═══ PROVIDED INFORMATION

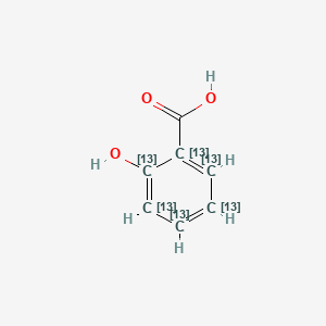 2-Hydroxy(¹³C₆)benzoic acid, also known as Salicylic Acid-¹³C₆, is a stable isotope-labeled analog of salicylic acid where the six carbon atoms of the benzene ring have been enriched with the ¹³C isotope. This labeling provides a distinct mass shift, making it an ideal internal standard for mass spectrometry-based quantification of salicylic acid in various biological matrices.
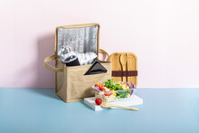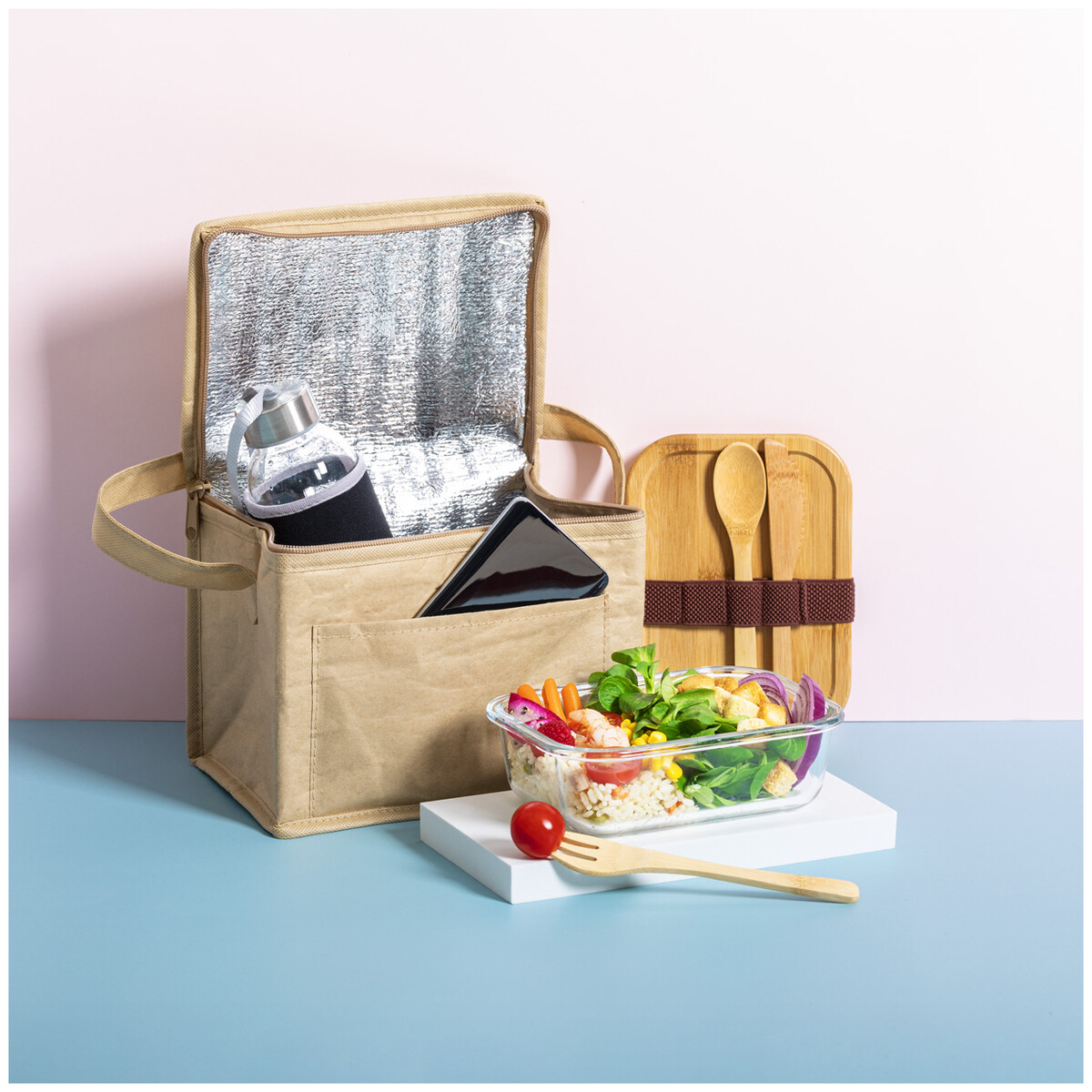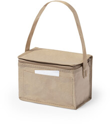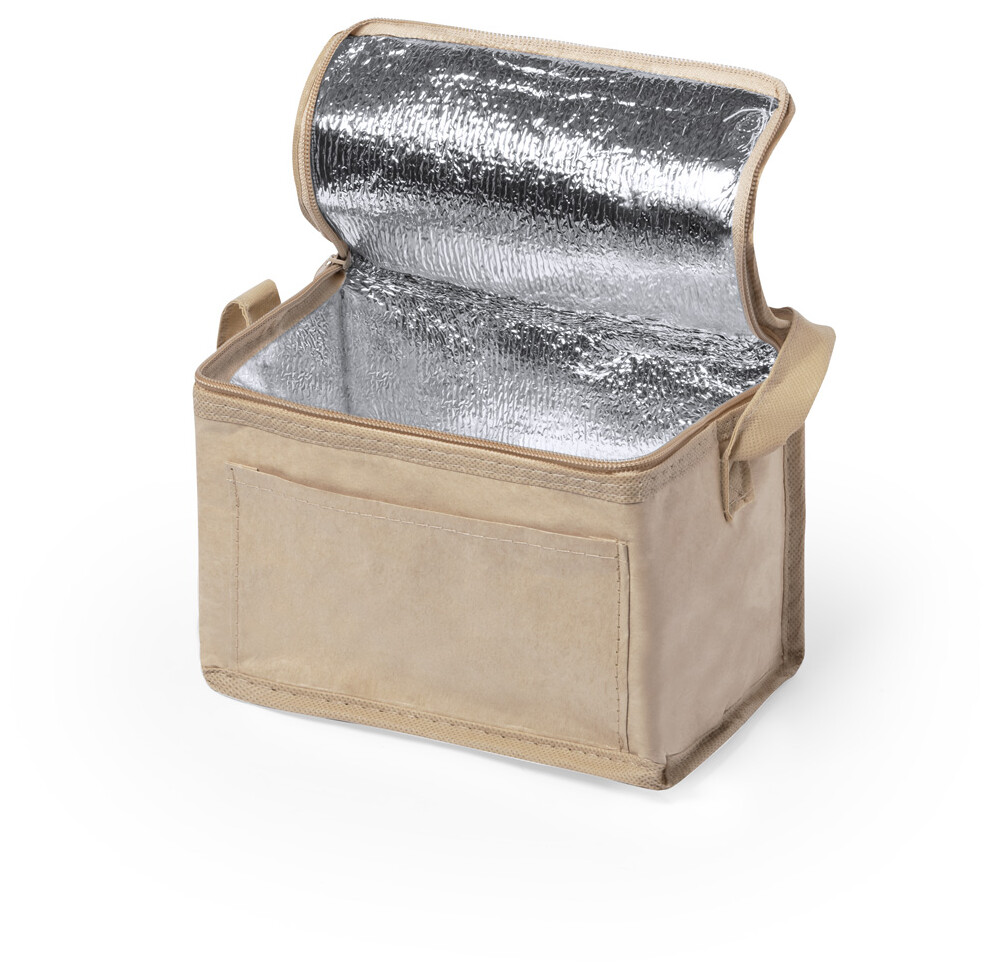 Chladící taška na zip z polaminovaného recyklovaného papíru s hliníkovou výplní, pro 6 ks plechovek 0,33 l. S přední kapsou ideální pro potisk.
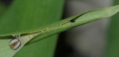 2007年8月26日 大阪府豊中市服部緑地公園 雑木林下のササ原にセセリの巣があり、少しあけて中を見ると、寄生バエの囲蛹と幼虫の死骸がありました。同時期新鮮な成虫も見られました。 トップページへ |
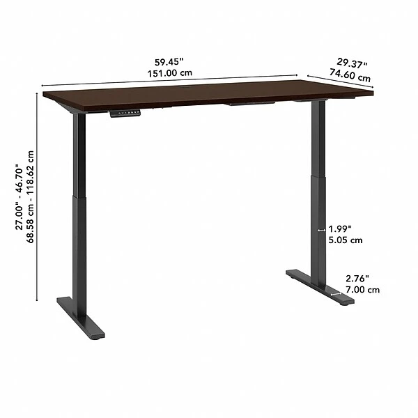 Have a healthy and productive day at the office with the Move 60 by Bush Business Furniture 60W x 30D Height Adjustable Standing Desk. Those who use sit to stand desks report improved attitudes, energy and comfort while getting more done, and the Move 60 provides an affordable solution. The electric adjustable height Desk smoothly lifts from a low of 27 inches to a high of 46.7 at the push of a button. Store your favorite heights with four programmable presets. The ergonomic Desk withstands years of everyday use. A durable thermally fused laminate finish resists scratches and stains, while the sturdy steel base creates a weight capacity of up to 200 pounds. This sit to stand Desk will have no problem holding all of your work materials. Backed by a 5 Year Warranty, the Height Adjustable Standing Desk meets ANSI/BIFMA quality test standards.
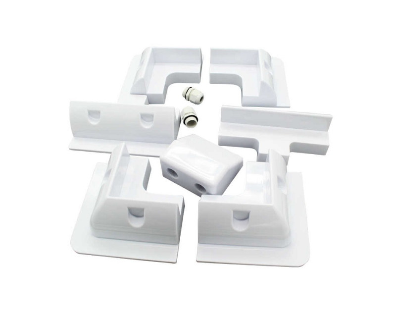 Sestava obsahuje: 7 ks (4ks rohových držáků, 2ks podélných držáků, 1ks průchodka)
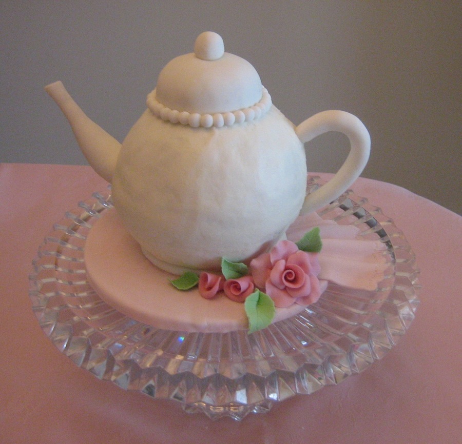 Chocolate fudge cake iced in buttercream. The "lid" was made of the trimings from leveling the 2 halfs of the ball pan. I covered the lid only with fondant, so that I would have something to hold when I pushed in the spout and handle. Spout and handle are a combo of gumpaste and fondant. Napkin is fondant (see also the closeup detail. Roses are gumpaste. The bridal shower was a high tea, so this fit in well. Also made and decorated 4 dozen mini cupcakes to accompany it.
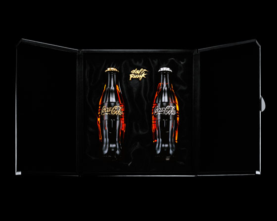 After the Daft Punk inspired Club Coke 2011 bottles launched earlier this year, here is the official Daft Punk x Coca Cola collaboration bottles. The classic Coke glass bottle comes with gold and silver Coca-Cola logo application and matching Daft Punk bottle crown sitting on top. The silver one is actually 925 silver and the gold one features 18k yellow gold. Hand finished the bottles are sitting in a box designed by Daft Punk. The signed box set is limited to only 20 sets worldwide. You can enter to win a box set, which is signed by the artists, at daftcoke.com.

══════

TRY IT:
What belongs in the answer is each line above, reproduced exactly, and no picture.

YOUR RESPONSE:
 2-Hydroxy(¹³C₆)benzoic acid, also known as Salicylic Acid-¹³C₆, is a stable isotope-labeled analog of salicylic acid where the six carbon atoms of the benzene ring have been enriched with the ¹³C isotope. This labeling provides a distinct mass shift, making it an ideal internal standard for mass spectrometry-based quantification of salicylic acid in various biological matrices.
 Chladící taška na zip z polaminovaného recyklovaného papíru s hliníkovou výplní, pro 6 ks plechovek 0,33 l. S přední kapsou ideální pro potisk.
 2007年8月26日 大阪府豊中市服部緑地公園 雑木林下のササ原にセセリの巣があり、少しあけて中を見ると、寄生バエの囲蛹と幼虫の死骸がありました。同時期新鮮な成虫も見られました。 トップページへ |
 Have a healthy and productive day at the office with the Move 60 by Bush Business Furniture 60W x 30D Height Adjustable Standing Desk. Those who use sit to stand desks report improved attitudes, energy and comfort while getting more done, and the Move 60 provides an affordable solution. The electric adjustable height Desk smoothly lifts from a low of 27 inches to a high of 46.7 at the push of a button. Store your favorite heights with four programmable presets. The ergonomic Desk withstands years of everyday use. A durable thermally fused laminate finish resists scratches and stains, while the sturdy steel base creates a weight capacity of up to 200 pounds. This sit to stand Desk will have no problem holding all of your work materials. Backed by a 5 Year Warranty, the Height Adjustable Standing Desk meets ANSI/BIFMA quality test standards.
 Sestava obsahuje: 7 ks (4ks rohových držáků, 2ks podélných držáků, 1ks průchodka)
 Chocolate fudge cake iced in buttercream. The "lid" was made of the trimings from leveling the 2 halfs of the ball pan. I covered the lid only with fondant, so that I would have something to hold when I pushed in the spout and handle. Spout and handle are a combo of gumpaste and fondant. Napkin is fondant (see also the closeup detail. Roses are gumpaste. The bridal shower was a high tea, so this fit in well. Also made and decorated 4 dozen mini cupcakes to accompany it.
 After the Daft Punk inspired Club Coke 2011 bottles launched earlier this year, here is the official Daft Punk x Coca Cola collaboration bottles. The classic Coke glass bottle comes with gold and silver Coca-Cola logo application and matching Daft Punk bottle crown sitting on top. The silver one is actually 925 silver and the gold one features 18k yellow gold. Hand finished the bottles are sitting in a box designed by Daft Punk. The signed box set is limited to only 20 sets worldwide. You can enter to win a box set, which is signed by the artists, at daftcoke.com.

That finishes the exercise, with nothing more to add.